Camille Being A Literal B****, Reilly Putting "Momma" & Herself In Danger, Updates, And Still Waiting On Reilly's "Daddy"


  1. Just now, Reilly sat on "Mom-Mom"'s lap—and only to literally get b**** at by Camille—Camille decided to aggressively growl and even (according to Camille's "Mimi") bite Reilly. Of course, "Mom-Mom" and "Mimi" soundly reprimanded Camille.
  2. Reilly's pink extendable leash is still in the backyard with "Momma"'s cart in which it is stuck—and Reilly is very lucky that neither she nor "Momma" were hurt when the cart fell and when one of the solar lamps' lids fell onto the ground. To make a long story short, Reilly decided that not finding her "potty spot", coming when she was called, listening when she was told "No pull", or avoiding "nasties" was okay—and the only way that "Momma" got Reilly back up on the porch is by pulling on the rope of the extendable pink leash—and Reilly is also lucky that she has a harness and not a collar to which to attach her leash.
  3. The paperback edition of Reilly's book is finally on Amazon!
  4. In the midst of all this, meanwhile..."Momma" still has a broken-as-Hell heart. As much as Reilly is her "Momma"'s filial "Valentine", she can't be "Momma"'s overall "Valentine"—besides, as today's incident demonstrates, Reilly needs a "Daddy" whom can be a "Valentine" for "Momma" and help "Momma" reign her in a little bit—and "Momma" hasn't given up on whom she thinks might be Reilly's "Daddy" down the road if God wills.

Tuesday, February 7, 2017

A Literal Bone To Pick With Reilly, An Update On Reilly's Book, And Still Waiting On Reilly's "Daddy"

To make a long story short—and per the video—Reilly decided that a bone of a vulture-eaten squirrel that fatally encountered a car two days ago (per "Mom-Mom") was both delicious and enough to keep in her mouth with a fight, complete with growling and biting—needlessly to say, Reilly lost the fight to keep the bone:


(By the way, as "Momma"'s been typing, "Auntie Michelle"'s been scolding Reilly for eating "partially-produced 'bunny beans'" with "the culprit in the yard" while being outside to "go potty".).

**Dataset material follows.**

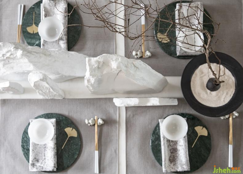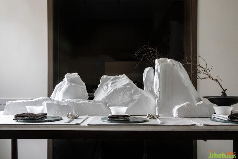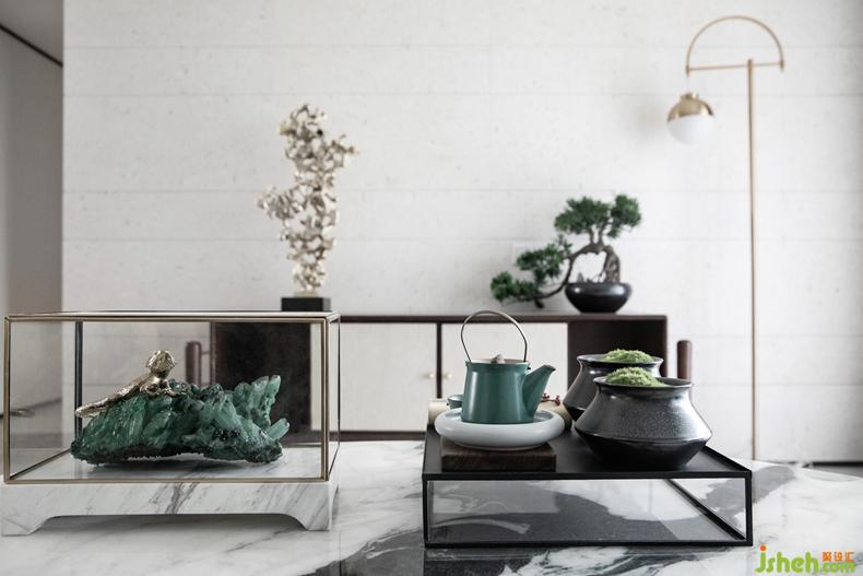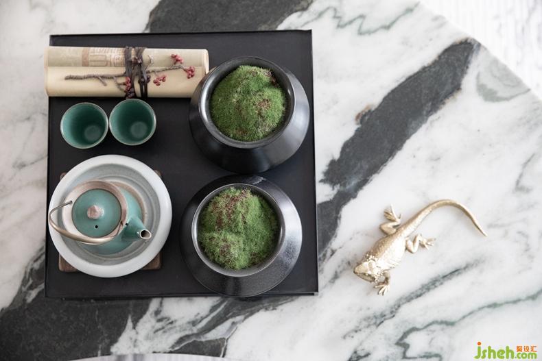 水墨畫的脫俗之境,風(fēng)格上融入極簡(jiǎn)的優(yōu)雅:碧石、盆景、光滑肌理的大理石剪影,彩瓷的田園綠,一副優(yōu)美的畫卷徐徐展開。規(guī)則的圖案與色彩搭配創(chuàng)意的不規(guī)則,和大量的肌理工藝帶來豐富的視覺效果。
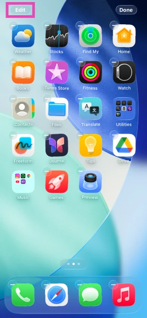 步驟一: 開鎖你的 iPhone 和長按空白處在主屏幕上。

Meanwhile, Reilly's book has sold nine copies, and plenty more free ones have been given away and claimed (Yep! "Momma"'s trying to promote it as best as she can). Part of why "Momma" wrote the book as well is because she wants to make enough to (and she hasn't yet made anything off the current book; so she can't) provide for Reilly as much as she—as a "Momma" with disabilities—can.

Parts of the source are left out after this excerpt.